If recent reports are anything to go by, it is clear that the
Yao cultural group to be called Chiwanja cha Ayao will see the light of day
soon as the group’s foundations seem to have been already laid and positions
already filled, and President Joyce Banda will be hunted to be its patron. And
closely studying its interim leadership, Chiwanja cha Ayao, unlike Mulhakho wa
Alhomwe before it, happens to take both religious and ethnic identity
ideologies to its fold.
The inevitable fact of cultural groups is that they cause
ethnic and political isolation and division especially when they take
politicians to be its guardians and more so when the politician guardian is
Head of State. This fact should be all the more clear if we would go back in
recent history and observe the ethnic and political damage Mulhakho wa Alhomwe
caused to the Malawi nation.
Some would argue that identity politics cements one roots in
oneself and that one is assured of devoting one’s energy, talents, and
expectations with like minds on a singular purpose. That is true and positive. Others
still would argue that the formation of cultural groups simply celebrates
cultural differences. That is also true and positive.
But, sadly, focusing on a single purpose has its own dark
side too. It has been elsewhere argued that focusing on one purpose makes group
members to be close-minded about the bigger picture. In other ways, group
members tend to focus on issues from their perspective ignoring the others’

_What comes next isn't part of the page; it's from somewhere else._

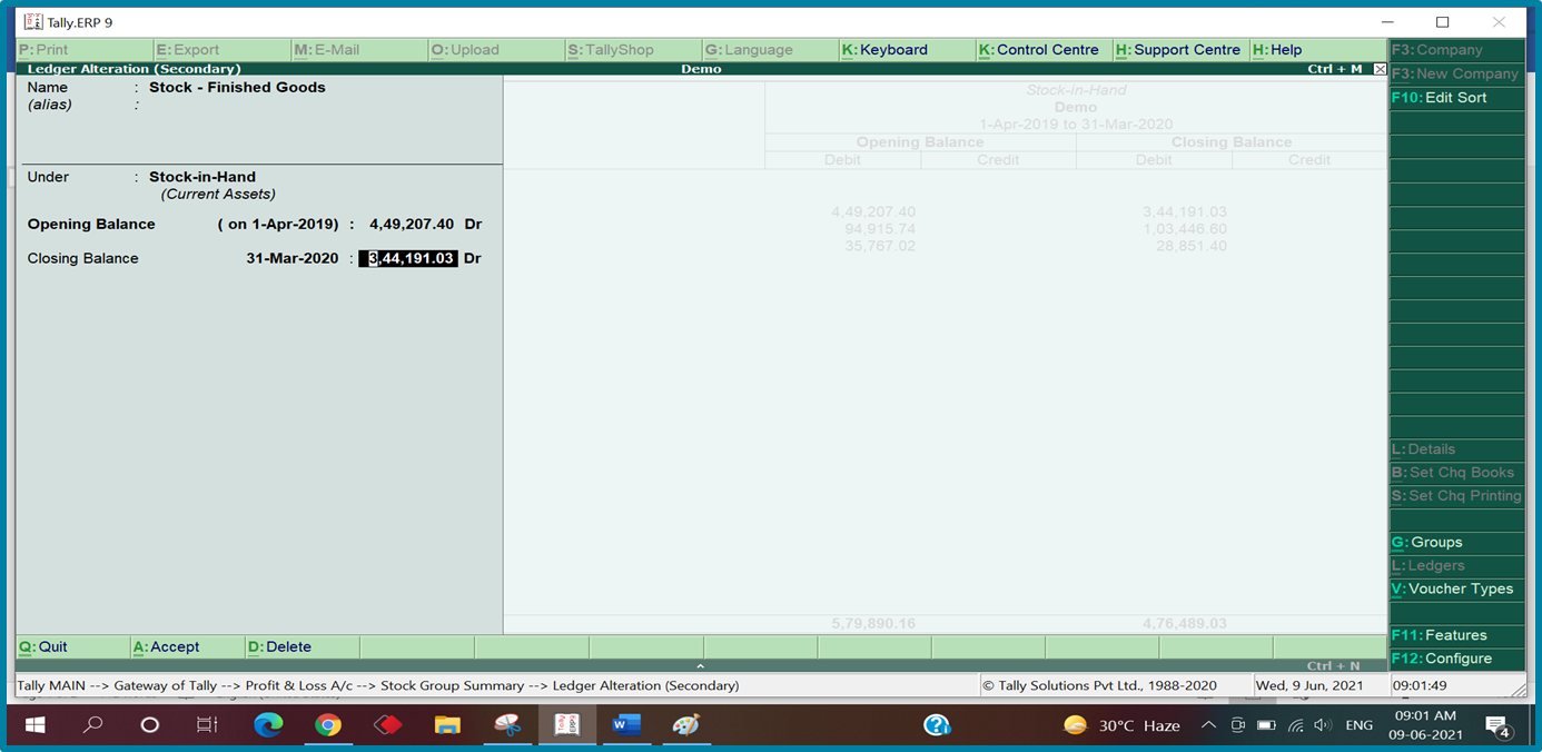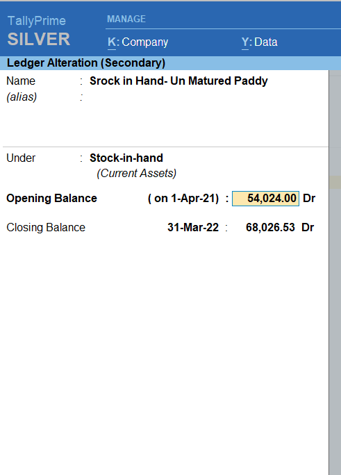 5. Now the user can directly enter the Closing Stock figures under the respective ledgers

equally intelligent perspectives simply because they are not members.
And much as acknowledgement of differences cements the spirit
of tolerance, cultural groups have always tended to pursue isolationist
practices. This would not be surprising given the events surrounding the
cultural and political dealings of Mulhakho wa Alhomwe. It is therefore
difficult to predict a different outcome coming from the Chiwanja cha Ayao.
It is at this point that it appears clear to many Malawians
that the formation of cultural groups and as led by presidents has a lot more
problems than profits to nationalism and pursuance of national interest. To
this end, it becomes obviously Malawian if formation of such groups would be
meant to re-awaken identity only and not to serve as political lobby groups as
sadly was the case with Mulhakho wa Alhomwe then, and as would most likely be
with the yet-to-walk-baby Chiwanja cha Ayao.